The idea is to find a way to create a simple spreadsheet for internal audit purposes.
The audit needs to be carried out on N% of data per month, and X% of data per quarter AND each piece of data needs to be audited the same amount of Y times per annum, and this sum would of course depend on N and X, i.e. Y=(8*N+4*X)/100.
Often Y would end up to be a noninteger, and when that happens the amount of audits carried out per year per a piece of data would be between the nearest two integers  i.e. if Y=4,4 then the amount of audits carried out per year per a piece of data would be between 4 and 5, since naturally you can't check something 4,4 times.
With such constans, or perhaps constraints, there is more than one viable solution as for which pieces of data are audited in a given month/quarter. And that's the point, really  to have a spreadsheet that would seamlessly randomize this while satisfying these constraints.
Below for reference purposes are screenshots of viable solutions as per the above, with 0 and 1 entered by hand, where 1 means audit is performed and 0 means audit is not performed. This is only an example and if it's relevant the actual audit will concerns at least 62 pieces of data (or so) and not 15:
https://onedrive.live.com/redir?resid=8BCC5C37877928DB!3305&authkey=!AJPSTYyiMBArjCU&v=3&ithint=photo%2cpng
https://onedrive.live.com/redir?resid=8BCC5C37877928DB!3306&authkey=!ABMVqC04LcuTxqM&v=3&ithint=photo%2cpng
Basically I figured if I this can be done "manually" (a bit like Sudoku, isn't it?) there also has to be a fairly easy way to automate this. What do you think?
Answers

But I believe that since one contraint is based on the other it would not be possible to reach a nonsolvable number of Nth.
I got it! :)))
Download the file again, I've changed it. Now you can have a solution up to Nth=100 in a few seconds.
But there are situations where it is not possible to get a solution, e.g.:
Nth=15, M=25%, Q=50% means you have 64 audits. But the Yvalue with that settings is exact 4, means the sum of the rows (Nth=15*4) is only 60! See the cell in H5:I7
And the settings N=100, M=25%, Q=50% seems to have only one solution, so I guess the code needs a very long time (maybe forever) to find it.
But with all other settings where Min/Max audits shows different values are definitely solvleable.
Andreas.
 Marked as answer by MiłoszNiedziela Monday, July 6, 2015 6:38 PM
All replies

The audit needs to be carried out on N% of data per month, and X% of data per quarter AND each piece of data needs to be audited the same amount of Y times per annum, and this sum would of course depend on N and X, i.e. Y=(8*N+4*X)/100.
Basically I figured if I this can be done "manually" (a bit like Sudoku, isn't it?) there also has to be a fairly easy way to automate this. What do you think?Well, maybe we can solve that with a brute force method... anyway, I'm interested. But at first I want to see the sheet and the used formulas where you made the screen shots from.
Please upload your file on an online file hoster like www.dropbox.com and post the download link here.
And please tell me how do you obtained the numbers 8 and 4 in the calculation above.
Andreas.


Here is my test file, there are only 3 (colored) input cells, you can change them as you like.
After you clicked the Solve button look at the status bar, sometimes it needs a long time to finish, sometimes my code can't find a solution. Press CtrlBreak in that case and try again.
It seems that there are situations where a solution is not possible...
https://dl.dropboxusercontent.com/u/35239054/Samples/1d8a82c8c0a240bfab89e583a29ee557.xlsm
Andreas.

Could you please try it for e.g.
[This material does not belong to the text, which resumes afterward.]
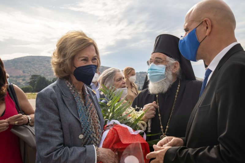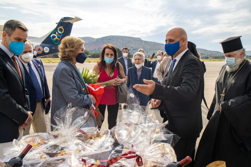 Ο Δήμαρχος Λέρου αφού καλωσόρισε τη Βασίλισσα Σοφία, τόνισε την ασφάλεια που παρέχει η Λέρος ως ένα νησί COVID-FREE, προσφέροντας στους εκλεκτούς προσκεκλημένους παραδοσιακά προϊόντα που παράγονται στο νησί, καθώς και έναν πίνακα που απεικονίζει στιγμές από τις επισκέψεις στη Λέρο της μητέρας της, Βασίλισσας Φρειδερίκης, κατά το παρελθόν.

Nth=62 (or around that, can be 100 for testing purposes) on your end?
While your code works magic for smaller numbers  it solved Nth=15 in seconds and generated EXACTLY what was needed, once I go up to Nth=30 or so it seems to perform a crazy amount of runs and then stop  without giving a solution.
You mentioned that it happened for you as well, but you could obtain a solution if you tried again  I did follow your advice and tried 8 maybe 10 times each for Nth=62, Nth=45 and Nth=30, to no avail.
What do you think could be the issue here?
 Edited by MiłoszNiedziela Sunday, July 5, 2015 11:43 AM

Could you please try it for e.g. Nth=62 (or around that, can be 100 for testing purposes) on your end?
I played around with different settings, up to Nth=100, but as higher the Nth as lower you have to set the % values. Try this settings:
Nth=100
per Month 15%
per Quarter 40%You'll get a solution after a few runs (5.000 up to 20.000)
Then increase % per Month by 1 and you'll see that it takes longer till you get a solution. With 18% per Month you did not get a solution anymore.
I guess in this case a solution is not possible... but I'm not a mathematician.
When you try per Month 20% and per Quarter 34% you'll get a solution again.
Maybe you can ask in a Mathematics Forum if it i possible to calculate if, resp. how many solutions are possible with which input settings.
EDIT: Don't worry if the status bar stops updating, that is an issue with Excel, the code runs in the background.
Andreas.
 Edited by Andreas Killer Sunday, July 5, 2015 12:41 PM

I see. I'm guessing here, but to me it looks like it's more of an application / processing unit limitation than a mathematical one  because even for Nth=62 you could enter a solution manually (I did try) and it would satisfy all set contraints  so that means a viable solution exists  but maybe Excel is not able to execute enough runs to find it? I don't know. But I believe that since one contraint is based on the other it would not be possible to reach a nonsolvable number of Nth.
In any case I'd like to thank you very much Andreas  the file you provided comes very near a perfect solution for me, and after I study it more thoroughly perhaps I will be able to "force it" to do some more runs and find solutions for higher Nth :).
EDIT: I didn't know that  thanks! But BTW the Ctrl+Break doesn't seem to work for me at all  I've had to close the file and reopen it every time the code had seemed to stop.
 Edited by MiłoszNiedziela Sunday, July 5, 2015 12:56 PM

because even for Nth=62 you could enter a solution manually (I did try) and it would satisfy all set contraints  so that means a viable solution exists 
but maybe Excel is not able to execute enough runs to find it?
Can you upload the file with the solution on Nth=62? I'll take a look.
Excel has nothing to do with the solution, it's only my stupid code, just a very rough brute force method.
Maybe it's helpful when I explain my idea, resp. how it works:
I start with a field (an array) filled with zeros.
Step 1: I choose a random slot, check if it contains a 0 and if so, I write a 1 into it.
Step 2: Calculate the sum for all rows and columns and check if anything is beyond the limits (the max. value for each row and column). If so, continue with Step 1, otherwise undo the last 1.
Obvious this 2 steps are not enough to get a solution, when you run just that, you get often into an endless loop, because all the 1 that are already set in the field are static and at min. one of them is in the wrong place. So we have to "shuffle".
Step 3: Count the runs and when we reach (max. audits * 100) runs, I erase the 1st row (fill the 1st row in the field with zeros), and continue with Step 1. If we reach this point again, I erase the 2nd row and so one until I reach the last row and the next time I erase the 1st row again.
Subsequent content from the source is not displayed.